The Case for Teaching Children Original Versions of Fairy Tales

Life is harsh. And while adults realize this, we try to shield children from that reality for as long as possible. But protecting kids only makes the truth that much harder to take when the curtain is inevitably pulled back, revealing a world filled not with Santas and Dora the Explorer but with terrorists and Jersey Shore. It’s tough to go from a naive state where Barbie can be a doctor, a pilot and a fashion designer to the reality that her boobs would make all of those activities impossible.
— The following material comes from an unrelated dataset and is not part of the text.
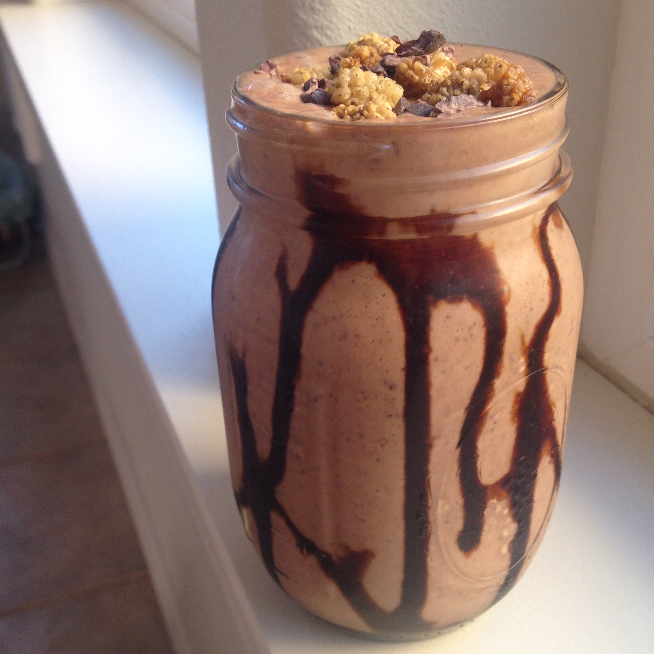 - I drizzled my glass jar with a generous amount of blackstrap molasses, then poured in the thick chocolate smoothie. Toppings are optional, but I love adding them to my smoothies for crunch!
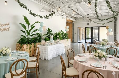 Our event hall spans 1,490 sq. ft. and can host up to 300 guests standing, 200 seated theater-style, or 100 in banquet/classroom format. Its modern space combines industrial charm with practical amenities, making it an ideal choice for both professional and social occasions. We provide flexible packages to suit your needs—from space-only rental with core utilities to full-service options including furniture setup, lounge areas, catering coordination, and vendor access. AV equipment is also available as an add-on.

"Do you think it's weird that my doctor's head is the size of a pool ball?"

So how do we ease this transition? Well, we could start with the source of so many myths about love, goodness and beauty – the Disneyfied fairy tale. Disney has taken violent, cautionary tales and transformed them into sugar-coated movies that show kids that love conquers all, good wins out and evil people are easily identified by their disfiguring warts. After being spoon-fed that crap for years, no wonder kids are disheartened to learn that there are no fairy godmothers and having crabs is a bad thing.

Here are a few of the stories that could provide valuable, real world lessons if we taught kids the original versions of them.

The Little Mermaid

According to Disney…

"I'm so glad I gave up everything for this man I barely knew!"

Ariel, aka the Little Mermaid, is a curious, busty young mermaid who desperately wants to be part of the terrestrial world – an ambition made impossible by the fact that she is half-fish. It’s basically the same as a little kid wanting to grow up to be an ice cream truck, except Ariel is sixteen.

But when this semi-retarded teenage mermaid rescues a prince from drowning, she falls in love with him and trades her voice to Ursula, an obese sea witch, in exchange for legs and the ability to breathe out of water. Ariel has three days to get the prince to kiss her or she’ll turn into this weird little algae creature in Ursula’s collection. Which almost happens, because even though Ariel and this prince are obviously in love and should be together, Ursula poses as another woman and tries to get the prince to marry her. But that doesn’t work, and in the end Ariel becomes a human and the witch gets stabbed by a boat. And everyone lives happily ever after.

But in the original…

I've made a huge mistake.

The Little Mermaid dies. Her deal with the sea witch is a little different. She trades her tongue for a pair of legs, but if the prince marries someone else then she will die the day after the wedding. And he does marry someone else – not because he was tricked, but because he legitimately falls in love with a woman. A woman who still has her tongue.

Her sisters try to give the Little Mermaid an out, though. They trade their hair to the witch for a knife that could turn the girl back into a mermaid. The catch is, she has to kill the prince with it and let his blood drip on her feet. Alas, she just doesn’t have that killer instinct in her and instead she jumps overboard and dissolves into sea foam. So…not as much “happily ever after” there.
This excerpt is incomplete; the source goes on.